§ **Your task**:
Consider the listing below. Extract exactly the lines from the line containing "Spring lift kits, or" to the line containing "Бордовый трикотажный топ", both included.

§ **Data for review**:

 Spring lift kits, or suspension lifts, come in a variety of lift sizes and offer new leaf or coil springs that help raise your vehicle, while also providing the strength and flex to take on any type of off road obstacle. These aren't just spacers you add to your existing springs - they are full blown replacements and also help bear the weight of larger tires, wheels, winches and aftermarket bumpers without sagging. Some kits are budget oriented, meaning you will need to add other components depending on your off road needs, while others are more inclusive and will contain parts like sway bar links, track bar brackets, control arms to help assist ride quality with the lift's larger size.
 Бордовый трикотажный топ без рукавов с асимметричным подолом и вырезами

==

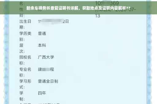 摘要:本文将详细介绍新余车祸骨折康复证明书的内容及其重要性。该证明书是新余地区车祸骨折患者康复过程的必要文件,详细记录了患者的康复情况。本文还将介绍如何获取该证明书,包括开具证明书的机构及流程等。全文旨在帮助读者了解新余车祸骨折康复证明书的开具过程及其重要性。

§ **Exercise answer**:
 Spring lift kits, or suspension lifts, come in a variety of lift sizes and offer new leaf or coil springs that help raise your vehicle, while also providing the strength and flex to take on any type of off road obstacle. These aren't just spacers you add to your existing springs - they are full blown replacements and also help bear the weight of larger tires, wheels, winches and aftermarket bumpers without sagging. Some kits are budget oriented, meaning you will need to add other components depending on your off road needs, while others are more inclusive and will contain parts like sway bar links, track bar brackets, control arms to help assist ride quality with the lift's larger size.
 Бордовый трикотажный топ без рукавов с асимметричным подолом и вырезами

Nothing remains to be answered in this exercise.